## TASK TO CARRY OUT:
Although pictures appear in the data, the answer should contain only the lines from its start through the line with "дарує нам перемогу.", written out exactly.
BEGIN EXCERPTED RECORDS
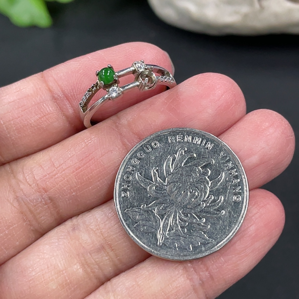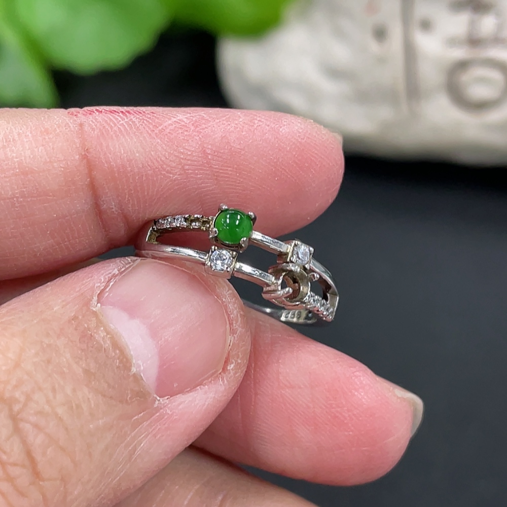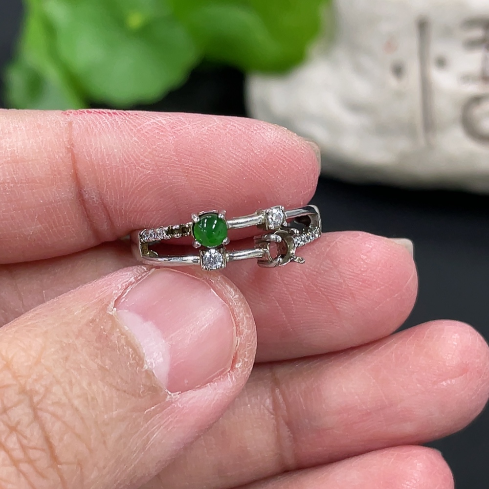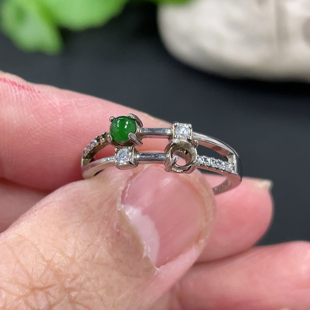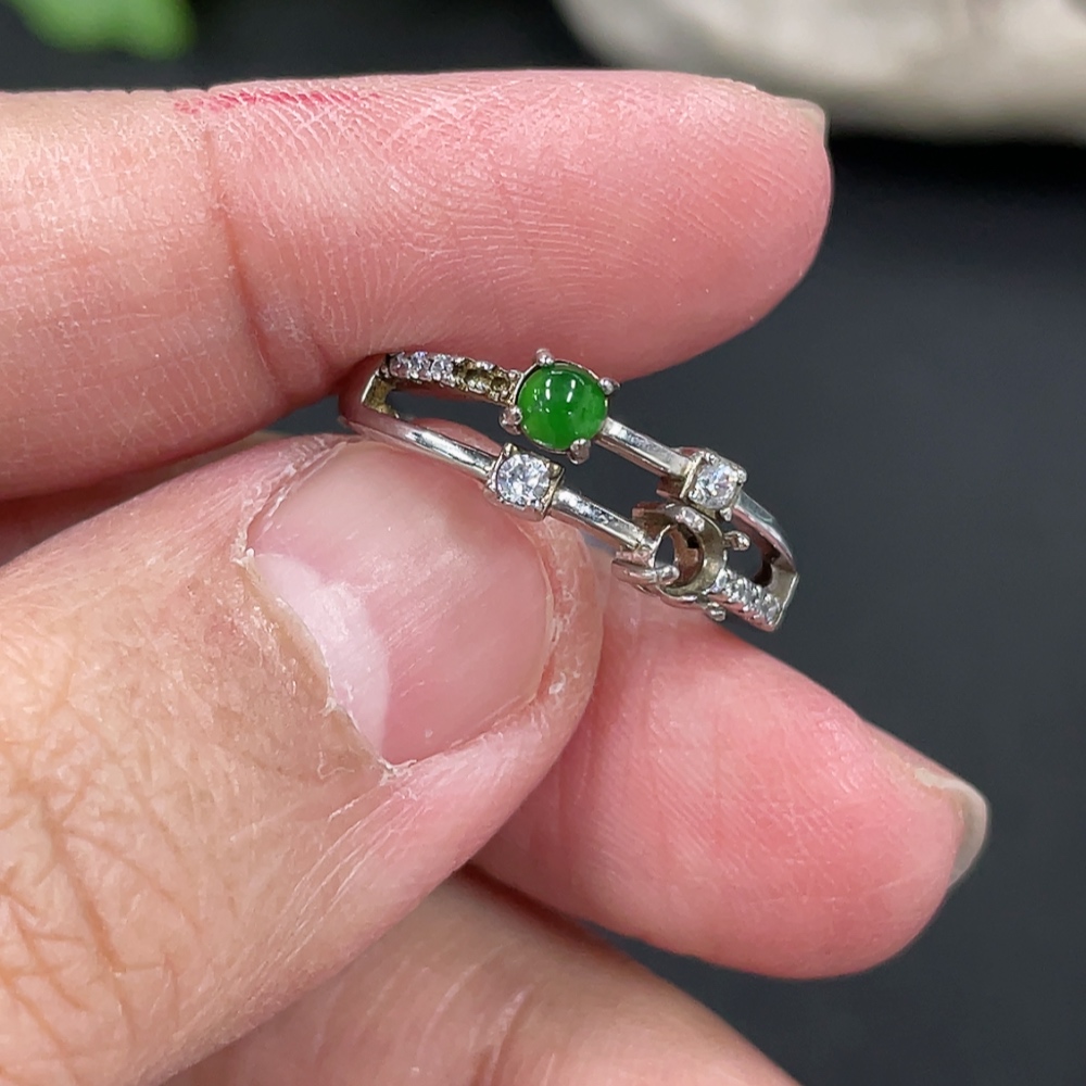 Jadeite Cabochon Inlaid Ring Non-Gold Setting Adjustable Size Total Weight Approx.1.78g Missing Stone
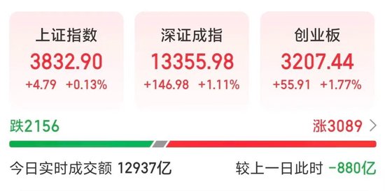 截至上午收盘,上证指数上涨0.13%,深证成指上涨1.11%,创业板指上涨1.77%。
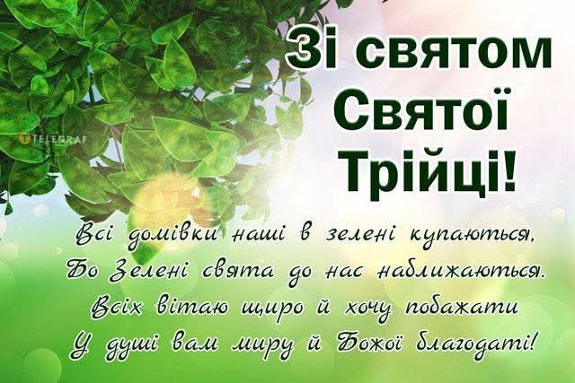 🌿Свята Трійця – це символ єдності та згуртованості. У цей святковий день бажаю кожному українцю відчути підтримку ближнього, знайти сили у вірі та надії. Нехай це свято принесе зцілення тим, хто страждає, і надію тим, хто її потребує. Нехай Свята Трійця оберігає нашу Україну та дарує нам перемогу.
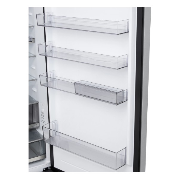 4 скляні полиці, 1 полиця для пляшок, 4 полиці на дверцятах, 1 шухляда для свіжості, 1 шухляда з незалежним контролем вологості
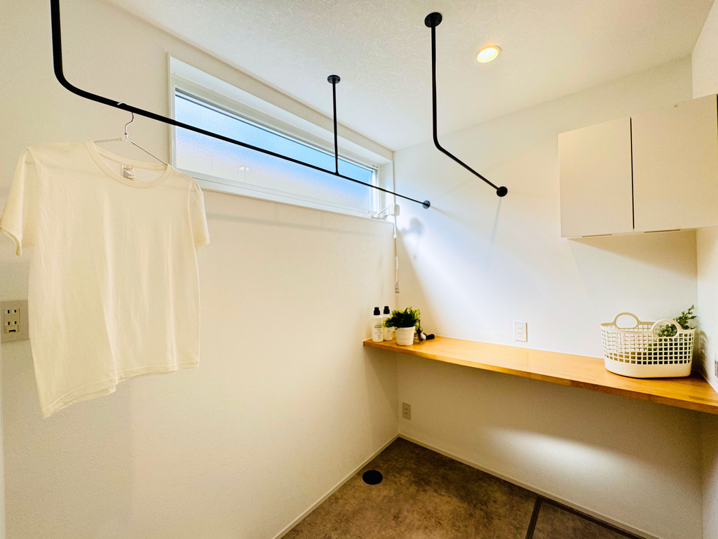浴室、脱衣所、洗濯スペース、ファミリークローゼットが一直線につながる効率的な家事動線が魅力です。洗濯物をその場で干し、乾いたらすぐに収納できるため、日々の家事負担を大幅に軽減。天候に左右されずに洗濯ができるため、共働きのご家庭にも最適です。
END EXCERPTED RECORDS
## ANSWER TO THE EXERCISE:
 Jadeite Cabochon Inlaid Ring Non-Gold Setting Adjustable Size Total Weight Approx.1.78g Missing Stone
 截至上午收盘,上证指数上涨0.13%,深证成指上涨1.11%,创业板指上涨1.77%。
 🌿Свята Трійця – це символ єдності та згуртованості. У цей святковий день бажаю кожному українцю відчути підтримку ближнього, знайти сили у вірі та надії. Нехай це свято принесе зцілення тим, хто страждає, і надію тим, хто її потребує. Нехай Свята Трійця оберігає нашу Україну та дарує нам перемогу.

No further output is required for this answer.